-- DATA --
--*--
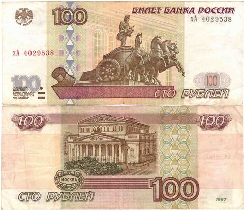 Банкнота 100 рублей 1997 год Модификация 2001 год XF. Подобная сохранность. Серия и номер случайные.
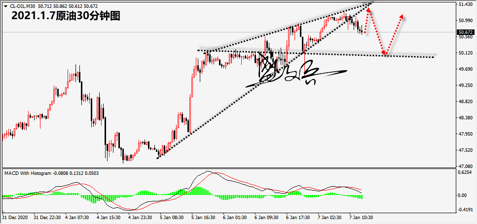因此,晚盘如果价格首先冲高在压力位承压可以参与空头,若直接回撤不破49.8区域仍考虑参与多头,目前具体位置不好把握。谨慎参与。激进者可以考虑在51.6区域参与空头,防守52.3;稳健者还是考虑回撤企稳后参与多头。关注美股走势对于原油的影响。
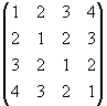double[][] p1={{1,2,3,4},{2,1,2,3},{3,2,1,2},{4,3,2,1}};
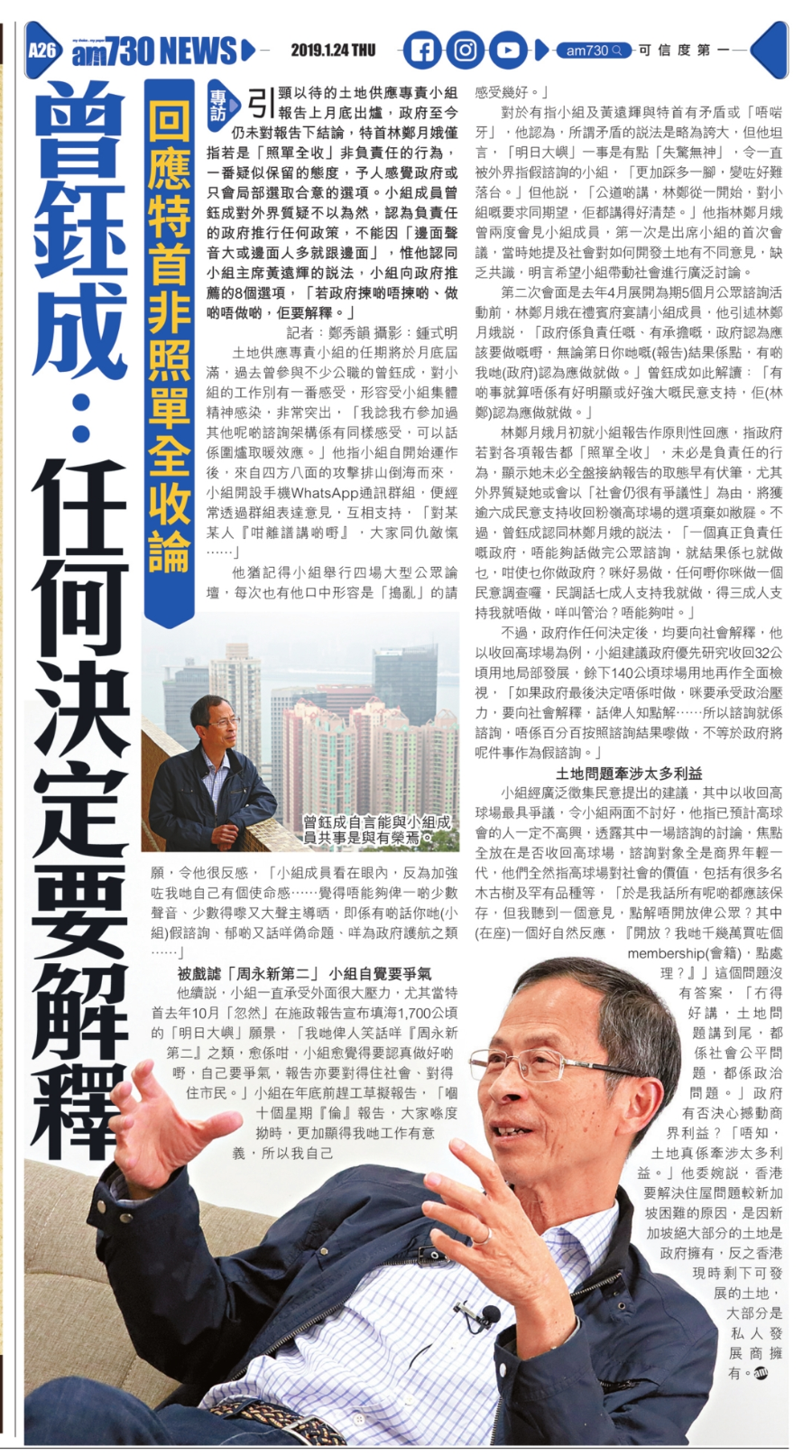 引頸以待的土地供應專責小組報告上月底出爐,政府至今仍未對報告下結論,特首林鄭月娥僅指若是「照單全收」非負責任的行為,一番疑似保留的態度,予人感覺政府或只會局部選取合意的選項。小組成員曾鈺成對外界質疑不以為然,認為負責任的政府推行任何政策,不能因「邊面聲音大或邊面人多就跟邊面」,惟他認同小組主席黃遠輝的說法,小組向政府推薦的8個選項,「若政府揀啲唔揀啲、做啲唔做啲,佢要解釋。」
--*--
-- EXERCISE OBJECTIVE --
Return the whole listing, word for word, and leave out every picture.

-- SOLUTION TO THE PROBLEM --
 Банкнота 100 рублей 1997 год Модификация 2001 год XF. Подобная сохранность. Серия и номер случайные.
因此,晚盘如果价格首先冲高在压力位承压可以参与空头,若直接回撤不破49.8区域仍考虑参与多头,目前具体位置不好把握。谨慎参与。激进者可以考虑在51.6区域参与空头,防守52.3;稳健者还是考虑回撤企稳后参与多头。关注美股走势对于原油的影响。
double[][] p1={{1,2,3,4},{2,1,2,3},{3,2,1,2},{4,3,2,1}};
 引頸以待的土地供應專責小組報告上月底出爐,政府至今仍未對報告下結論,特首林鄭月娥僅指若是「照單全收」非負責任的行為,一番疑似保留的態度,予人感覺政府或只會局部選取合意的選項。小組成員曾鈺成對外界質疑不以為然,認為負責任的政府推行任何政策,不能因「邊面聲音大或邊面人多就跟邊面」,惟他認同小組主席黃遠輝的說法,小組向政府推薦的8個選項,「若政府揀啲唔揀啲、做啲唔做啲,佢要解釋。」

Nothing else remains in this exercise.